**Problem description**. Copy out each line of the data that includes the string "Stone".

**Listed entries**.

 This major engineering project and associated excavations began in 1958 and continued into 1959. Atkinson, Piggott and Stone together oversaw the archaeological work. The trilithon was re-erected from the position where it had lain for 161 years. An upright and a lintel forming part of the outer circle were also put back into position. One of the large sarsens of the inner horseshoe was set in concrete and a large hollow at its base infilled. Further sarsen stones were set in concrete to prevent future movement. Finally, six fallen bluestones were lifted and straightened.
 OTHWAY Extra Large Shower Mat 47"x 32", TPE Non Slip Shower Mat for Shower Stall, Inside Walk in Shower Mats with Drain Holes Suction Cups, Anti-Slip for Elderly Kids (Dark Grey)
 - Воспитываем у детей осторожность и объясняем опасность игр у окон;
==
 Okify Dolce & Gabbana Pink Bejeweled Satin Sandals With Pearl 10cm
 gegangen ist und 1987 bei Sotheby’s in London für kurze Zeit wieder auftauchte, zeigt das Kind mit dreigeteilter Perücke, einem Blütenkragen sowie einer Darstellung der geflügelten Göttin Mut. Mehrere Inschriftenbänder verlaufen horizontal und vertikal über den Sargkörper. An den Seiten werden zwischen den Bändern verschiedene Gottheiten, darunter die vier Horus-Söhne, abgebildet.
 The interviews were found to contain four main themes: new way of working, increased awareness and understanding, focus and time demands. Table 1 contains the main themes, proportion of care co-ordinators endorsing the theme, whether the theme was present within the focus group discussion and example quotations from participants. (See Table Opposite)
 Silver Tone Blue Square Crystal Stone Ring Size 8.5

**Exercise output**.
 This major engineering project and associated excavations began in 1958 and continued into 1959. Atkinson, Piggott and Stone together oversaw the archaeological work. The trilithon was re-erected from the position where it had lain for 161 years. An upright and a lintel forming part of the outer circle were also put back into position. One of the large sarsens of the inner horseshoe was set in concrete and a large hollow at its base infilled. Further sarsen stones were set in concrete to prevent future movement. Finally, six fallen bluestones were lifted and straightened.
 Silver Tone Blue Square Crystal Stone Ring Size 8.5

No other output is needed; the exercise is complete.